1) Selection — Interleaved Search Over Discrete and Continuous Space

We define Level 1 state as $s1 = (x\in \mathrm{SE(3)}, \mathit{nodetype} \in \lbrace \mathit{mode}, \mathit{pose}\rbrace)$ , where $\boldsymbol{x}$ is an object pose and nodetype stores the type of the node. The interleaved selection process is demonstrated in line 6-25 in Algorithm 2 and in Fig. 3. For a pose node, the action is to select a contact mode for it. The feasible actions are $\mathcal {A}\bigl (s1 = (x, \mathit{pose})\bigr) = \mathcal {M}(x)$ , where $\mathcal {M}(x)$ is the set of kinematically feasible contact modes enumerated for an object pose $\boldsymbol{x}$ using the algorithm in [9]. A mode node is a pose node assigned with a contact mode. For a mode node, the action is to select the next object pose moving from the current object pose following the contact mode. The available actions $\mathcal {A}\bigl (s1 = (x, \mathit{mode})\bigr)$ comprise choosing from its child nodes (explored object poses) or explore-new, which triggers the rollout phase to explore new object poses.

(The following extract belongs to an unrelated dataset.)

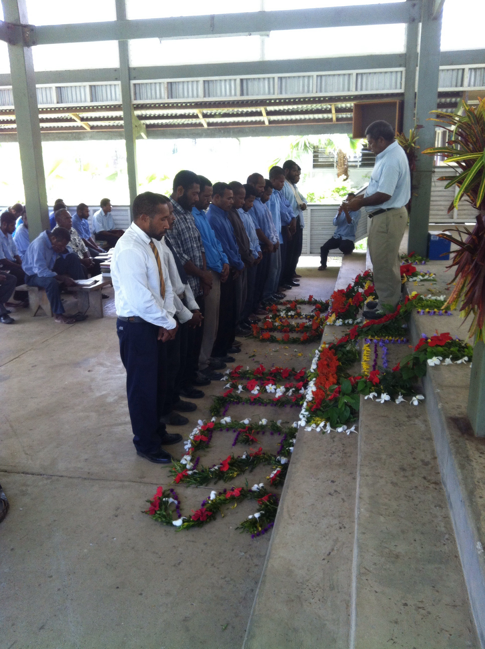 Pasto(ohne „r“ gschrieben) George sendet die Studenten des 3. Jahrgangs ins 10-Wöchige Gemeindepraktikum. Küstenleute gehen ins Hochland, Städter in den Busch und umgekehrt. Alle sind aufgeregt und ein wenig ängstlich, fern der wantok* und beschützenden Schule zu sein. Tasol olgeta i redi. Alle sind bereit. God Bless.

The selection policy follows (1). Action probabilities $p(s,a)$ reflect preferences of modes or poses. For example, if we prefer to exploit environment constraints to reduce uncertainties as in [27]), we could have high probabilities for modes that maintain more contacts.

2) Expansion

The expansion phase equals to explore-new being selected for a mode node. It is a variant of the progressive widening technique in MCTS for continuous space [28], where we control the expansion rate with the action probability of explore-new.

3) RRT as Rollout

Contact-rich solutions live sparsely on lower-dimensional manifolds of the search space. It is unlikely to get any useful results from random trajectory rollouts as most traditional MCTS do. We replace the random rollout with an RRT search guided by contact modes (line 17, Algorithm 2), modified based on [16].

The RRT begins with an object pose $\boldsymbol{x}_\text{current}$ and a selected contact mode $\boldsymbol{m}_\text{selected}$ . The RRT tries to reach $\boldsymbol{x}_\text{goal}$ . It outputs a trajectory where each point is an object pose associated with a contact mode. In each iteration, we first sample an object pose $\boldsymbol{x}_\text{extend} \in \mathrm{SE(3)}$ and find its nearest neighbor $\boldsymbol{x}_\text{near}$ . We then extend $\boldsymbol{x}_\text{near}$ towards $\boldsymbol{x}_\text{extend}$ . Each extension is guided by a contact mode. If $\boldsymbol{x}_\text{near}$ is $\boldsymbol{x}_\text{current}$ , the contact mode should be $\boldsymbol{m}_\text{selected}$ . Otherwise, we enumerate all contact modes and filter them using feasibility checks. New object poses are generated by projected forward integration that follows each contact mode towards $\boldsymbol{x}_\text{extend}$ as close as possible. If the RRT finds a solution to $\boldsymbol{x}_\text{goal}$ within the maximum number of iterations, we add the solution path after the expansion node in the Level 1 search tree and proceed to Level 2 (line 19, Algorithm 2) to obtain a reward. Otherwise, this process backpropagates a zero reward and no new node is added. The RRT is reused throughout the entire lifespan of the MCTS. More details about the RRT-based rollout can be found in appendices.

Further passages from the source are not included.